DIA QUATRO — Exposição Histórica, starter fechado do prompt 08 com @aksaco
Não era a maior fã de coisas cuja desgraça prevaleciam, porém, o dia de filmes ao ar livre era um bom momento para cumprir com uma de suas apostas da semana: uma situação inoportuna em um local mais inoportuno ainda. Para essa ideia precisava de um vestido de casamento. É claro que ela não seria burra o bastante para comprometer o próprio, afinal: era uma data especial para si. Carregava muitas memórias importantes, mas a de seu casório era uma das principais. Na sequência, precisaria se sujar de sangue falso (tinta) e usar uma maquiagem bem realista. Contudo, as coisas saíram um pouco fora de controle após o filme que havia escolhido e pedido para passarem durante a noite ter sido cancelado. Não entendeu o porquê, talvez outras pessoas mais importantes tivessem pedido uma prioridade e até que aqueles outros filmes na lista acabassem, já iriam ter se recolhido para suas casas devido o horário. Ora, então de que serviria aquele espetáculo que havia montado? Lá estava ela, com um vestido aleatório de noiva, extremamente irritada e consternada tentando se livrar do véu ao passo que também buscava por uns petiscos em algum dos foodtrucks dispostos. É claro que os olhares seriam inevitáveis, mas qualquer que fosse aquele que a encarasse por mais de cinco segundos, sentiria a fúria marítima. Este, por sua vez, um cujo qual não conhecia ainda, mas certamente sentenciaria qualquer tipo de simpatia entre ambos devido a atitude grosseira dela ao falar: "O que é, está olhando por quê? Nunca viu uma noiva ensanguentada só querendo um hamburgão com tripla carne e molho especial pra encher a barriga?"

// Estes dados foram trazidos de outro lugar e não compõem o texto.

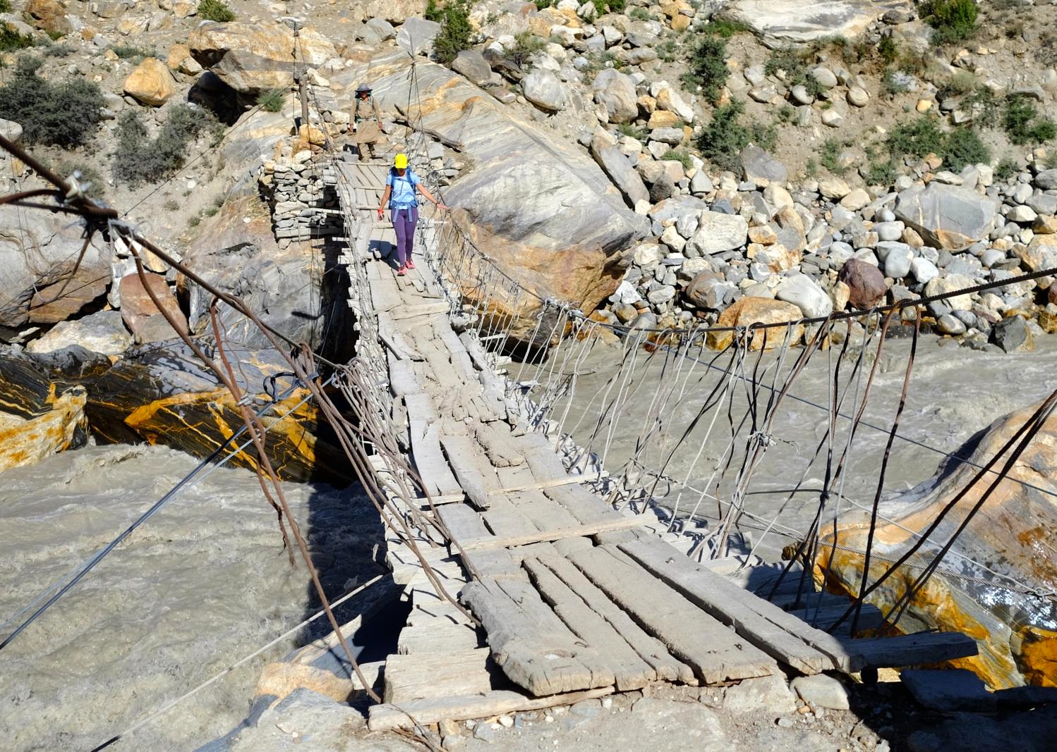 Nuevas montañas van apareciendo en nuestro horizonte, como el macizo de los Masherbrum (7.821 m) vigésimo cuarta montaña más alta del mundo. Un terreno árido, el cual el río y los glaciares se preocupan de modelar a su antojo, transportando cantidad de sedimentos río abajo.

DIA SEIS — Preparação e Celebração, starter fechado do prompt 07 com @sandvvik
Antes de comparecer para o estabelecimento de sua melhor amiga, Anivia ocupou-se em comprar um presente para ela a fim de prestigiar algumas vitórias da mesma. Estava feliz por compartilhar de certos eventos e, dentre eles, o lançamento do novo perfume dela, cujo qual precisava de modelos que a própria Özak forneceria, é claro. Os melhores, mais belos e profissionais do mercado. Nada menos para alguém tão importante para si. É por isso que, mesmo com o salto, corria de lá para cá na pressa de fazer tudo a tempo e não perder um segundo. Até pegar um café quentinho para aquecer naquele frio, fizera. E foi justamente esse líquido, unido ao que sabe Deus aquela menina estava segurando quando se chocou contra a mesma abruptamente, que banhou seu rosto e roupa no instante em que entrou em contato. Anivia desesperou-se no exato segundo, não tendo tempo nem mesmo de reagir além de correr para o beco próximo e se abrigar rente à parede, atrás de uma caçamba, enquanto de olhos arregalados via a jovem e a movimentação na calçada a poucos metros de onde havia corrido para esconder-se. É claro que sua reação atípica deveria ter assustado a menina, mas não tinha tempo de processar nada uma vez que suas escamas começavam a adaptar-se na pele, bem como os pés uniam-se aos poucos debaixo do vestido longo. A sereiana iniciava sua transformação repentina ao mesmo tempo em que tentava se esconder de todos os lados, mas nada poderia ser capaz de evitar aquilo, não enquanto estivesse molhada. E foi assim que, puxando o casaco extra da bolsa, ela começou a enxugar o rosto sem se preocupar com a maquiagem. Estava tão atônita que sequer percebeu que aquela garotinha de antes estava perto de novo. "Por favor- não... não chegue perto."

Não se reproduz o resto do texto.